A tool for assessing the risk of schema changes in a MySQL database when using tools like gh-ost or flywheel.
Based on Impact analysis of database schema changes and real world learning. It was found we should restrict riskier changes and patterns.
Such patterns include:
- BLOB & TEXT column overuse and storage/memory waste
- ENUM columns issues with casting during value parsing of a change
- SET columns issues with casting during value parsing of a change
- Foreign Key and Trigger usage preventing non-blocking and non-atomic changes
- No Primary Key causing slow migration or table level locking verses row level locking
- Renaming columns and tables leading toward application, data warehouse, and data lake sync issues
This tool addresses this by allowing you to pass any CREATE or ALTER statement, and it will return a boolean if it's safe.

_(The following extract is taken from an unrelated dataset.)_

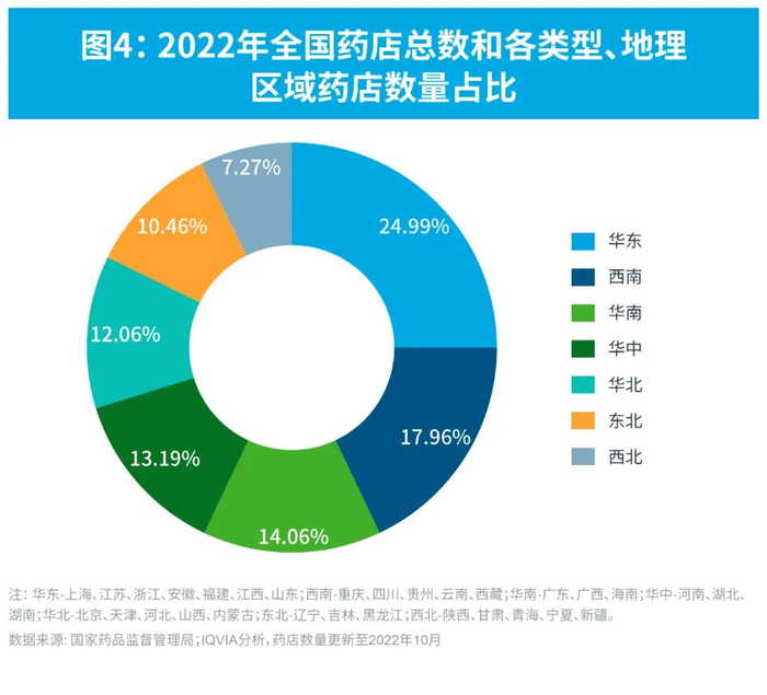 从地域分布来看,药店数量排名前三的区域-——华东、西南和华南地区药店总数达34.7万,占比接近57.02%,东北、西北区域排名靠后,拥有约10.8万家药店,仅占药店总数的17.73%。

from schema_change_risk_engine import SchemaChangeRiskEngine as SCRE
engine = SCRE()
changeStatements = [
"""
CREATE TABLE `test` (
`id` int(11) NOT NULL AUTO_INCREMENT,
`name` varchar(255) NOT NULL,
PRIMARY KEY (`id`)
)
ENGINE=InnoDB
DEFAULT CHARSET=utf8mb4
COLLATE=utf8mb4_0900_ai_ci
""",
"ALTER TABLE `test` ADD COLUMN `age` int(11) NOT NULL DEFAULT 0",
"ALTER TABLE `test` RENAME COLUMN `age` to `years_old`",
"ALTER TABLE `test` ADD COLUMN `gener` ENUM('M', 'F','T','NC') NOT NULL DEFAULT 'NC'",
"ALTER TABLE `test` ADD COLUMN `hobbies` SET('S', 'R','T','NC') NOT NULL DEFAULT 'NC'",
"ALTER TABLE `test` ADD COLUMN `bio` TEXT NOT NULL",
"ALTER TABLE `test` ADD COLUMN `photo` BLOB NOT NULL",
"ALTER TABLE `test` ADD COLUMN `order_date` DATETIME NOT NULL DEFAULT CURRENT_TIMESTAMP",
"ALTER TABLE `test` ADD TRIGGER `test_trigger` AFTER INSERT ON `test` FOR EACH ROW BEGIN INSERT INTO `test` (`name`) VALUES ('test'); END",
"ALTER TABLE `test` ADD FOREIGN KEY (`id2`) REFERENCES `test` (`id`)",
"ALTER TABLE `test` RENAME TO `test2`",
"ALTER TABLE `test` RENAME TABLE `test2` TO `test`"
]
> for idx, change in enumerate(changeStatements):
print("Statement %s: %s" % (idx + 1, engine.validate(change)))
Statement
1: (True, None)
Statement
2: (True, None)
Statement
3: (False, 'Renaming columns is not allowed')
Statement
4: (False, 'ENUM data type is not allowed')
Statement
5: (False, 'SET is not allowed')
Statement
6: (False, 'TEXT columns are not allowed')
Statement
7: (False, 'BLOB columns are not allowed')
Statement
8: (False, 'DATETIME data type is not allowed')
Statement
9: (False, 'Triggers are not allowed')
Statement
10: (False, 'Foreign keys are not allowed')
Statement
11: (False, 'Renaming tables is not allowed')
Statement
12: (False, 'Renaming tables is not allowed')